The order/disp keyword determines how many grid spacings an atom’s dispersion term extends when it is mapped to the grid in kspace style pppm/disp. It has the same meaning as the order setting for Coulombics.

The overlap keyword can be used in conjunction with the minorder keyword with the PPPM styles to adjust the amount of communication that occurs when values on the FFT grid are exchanged between processors. This communication is distinct from the communication inherent in the parallel FFTs themselves, and is required because processors interpolate charge and field values using grid point values owned by neighboring processors (i.e. ghost point communication). If the overlap keyword is set to yes then this communication is allowed to extend beyond nearest-neighbor processors, e.g. when using lots of processors on a small problem. If it is set to no then the communication will be limited to nearest-neighbor processors and the order setting will be reduced if necessary, as explained by the minorder keyword discussion. The overlap keyword is always set to yes in MSM.

The minorder keyword allows LAMMPS to reduce the order setting if necessary to keep the communication of ghost grid point limited to exchanges between nearest-neighbor processors.

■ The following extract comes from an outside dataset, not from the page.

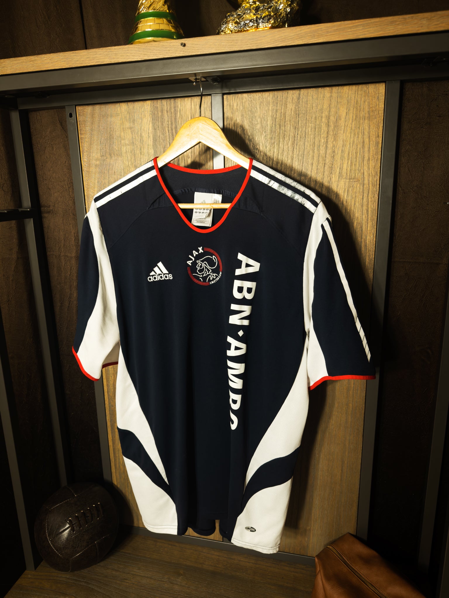 Throw it back to mid-2000s Eredivisie style with the Ajax 2005/2006 Away Jersey, a vintage Adidas classic in deep navy with bold red accents. This shirt reflects Ajax’s modern European energy during the early 2000s, making it an essential piece for any retro football kit collector.

See the discussion of the overlap keyword for details. If the overlap keyword is set to yes, which is the default, this is never needed. If it set to no and overlap occurs, then LAMMPS will reduce the order setting, one step at a time, until the ghost grid overlap only extends to nearest neighbor processors. The minorder keyword limits how small the order setting can become. The minimum allowed value for PPPM is 2, which is the default. If minorder is set to the same value as order then no reduction is allowed, and LAMMPS will generate an error if the grid communication is non-nearest-neighbor and overlap is set to no. The minorder keyword is not currently supported in MSM.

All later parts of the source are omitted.